As backup data stored on LTO are preserved offline, the data is safe from any sort of virus attacks or malware and whole data can be restored as per necessity & requirements.

Cons:

Operational costs

The overall operational cost in Tape based archival is comparatively high as the cost of LTO drives that are used for digital recording in order to store data on magnetic tapes, range from $2000-$3500 and that may rise up for enterprise versions.

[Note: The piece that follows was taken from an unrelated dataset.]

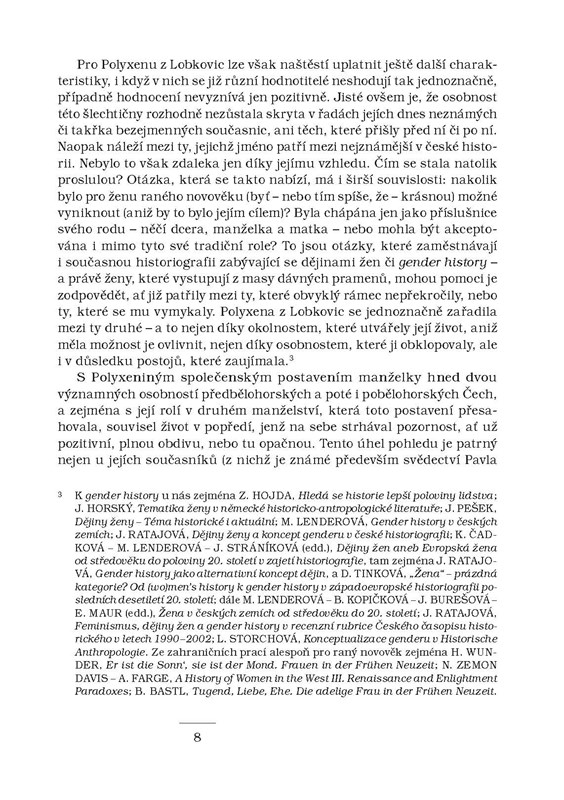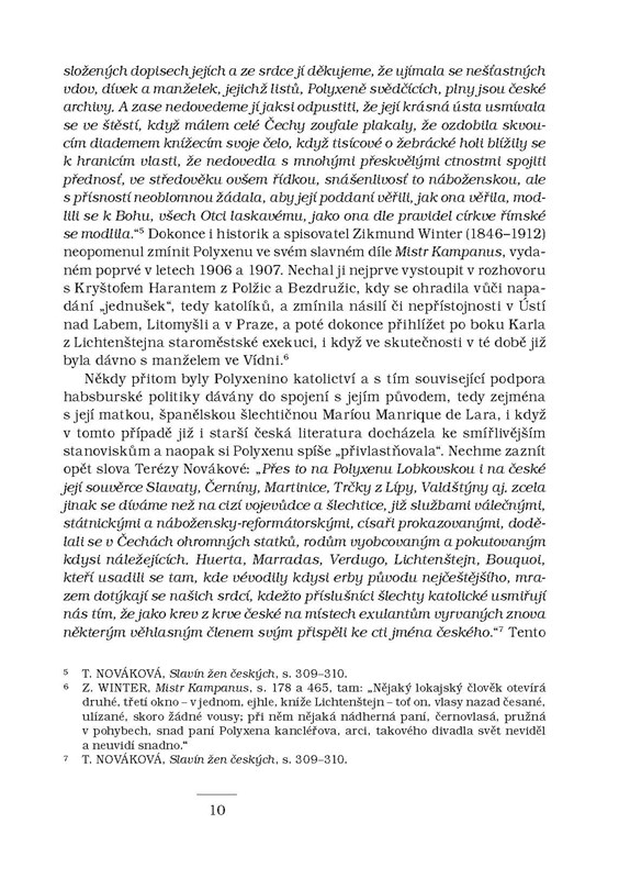 Jedna z „žen české renesance“, dcera nejvyššího kancléře Českého království Vratislava z Pernštejna a španělské dámy Marie Manrique de Lara, manželka nejprve jihočeského magnáta Viléma z Rožmberka, poté vůdčí postavy české katolické šlechty Zdeňka Vojtěcha Popela z Lobkovic, je jakýmsi prototypem šlechtičny sklonku renesance a nástupu nové, barokní doby. Polyxena z Lobkovic (1566–1642) v monografii historičky Marie Ryantové vystupuje jak v roli správkyně svých statků, která uměla v případě potřeby sama úspěšně hospodařit, tak v roli ženy politicky aktivní. Asi nejvíce se zapsala do obecného povědomí tím, že po pražské defenestraci v roce 1618 poskytla ve svém domě útočiště svrženým královským místodržícím Slavatovi a Martinicovi. Kniha ukazuje i další z důležitých tváří Polyxeny, její katolickou zbožnost, jejíž odvrácenou stranou bylo nesmlouvavé zasahování proti nekatolíkům na vlastních panstvích po porážce stavovského povstání.

Keeping up with the technology

LTO1 was introduced in the year 2000, 12 years later LTO 6 was introduced, so a new version every second year. Typically what happens is that LTO’s are migrated every second generation since the writer and the reader only support 2 or 3 generations of tapes. If we record on LTO 6 and leave it on the shelf for 60 years there will for the guarantee not be a reading device available and with a very high probability, most of the data will be gone.

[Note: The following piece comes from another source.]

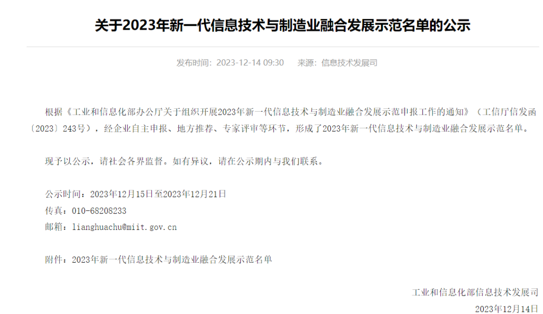 12月14日,工信部官网发布《关于2023年新一代信息技术与制造业融合发展示范名单的公示》称,据《工业和信息化部办公厅关于组织开展2023年新一代信息技术与制造业融合发展示范申报工作的通知》(工信厅信发函〔2023〕243号),经企业自主申报、地方推荐、专家评审等环节,形成了2023年新一代信息技术与制造业融合发展示范名单。现予以公示,请社会各界监督。

Tapes are not random access like hard drives

The LTO drive that does a digital recording of data on magnetic tape is only capable of moving tape in a single direction. As such, only sequential access storage can be possible in tapes. This adversely affects the speed of storage & retrieval of data due to its constraints of linear technology.

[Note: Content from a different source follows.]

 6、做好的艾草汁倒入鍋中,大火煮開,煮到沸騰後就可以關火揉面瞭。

Due to limitations of linear technology, if new data is inserted/existing data modified in between leads to erasure of data beyond the point of insertion or modification. Data has to be necessarily added to tape right from the point of last written sector to avoid any deletion of existing data. This sometimes leads to data replication and also minimizes the optimal use of storage space of LTO tapes.

Conclusion:

Whether LTO and LTFS are optimum for storage depends on the amount of data that need to be archived and also their frequency of access by end users. There is no doubt that LTO is an ideal media for the offline preservation and protection of data for completed projects. LTO’s exclusive features make it too competent for long-term data retention and content archive applications.

LTO-tape data backup seems to be more consistent, durable, and cost-efficient for data archiving in long-term supported by an offsite tape vaulting service.

LTO Tapes serve as a better option for archiving huge amount of data in long-term especially for those industries that produce a substantial amount of data all through its lifecycle as media, entertainment, survey, medical records, verdict, library etc.

Whereas in-house disk system-or even cloud storage-can work efficiently for data that needs to be accessed frequently under low access latencies. Also, the ability for random access & modifications of existing data stored in disk minimizes the chances of data replication.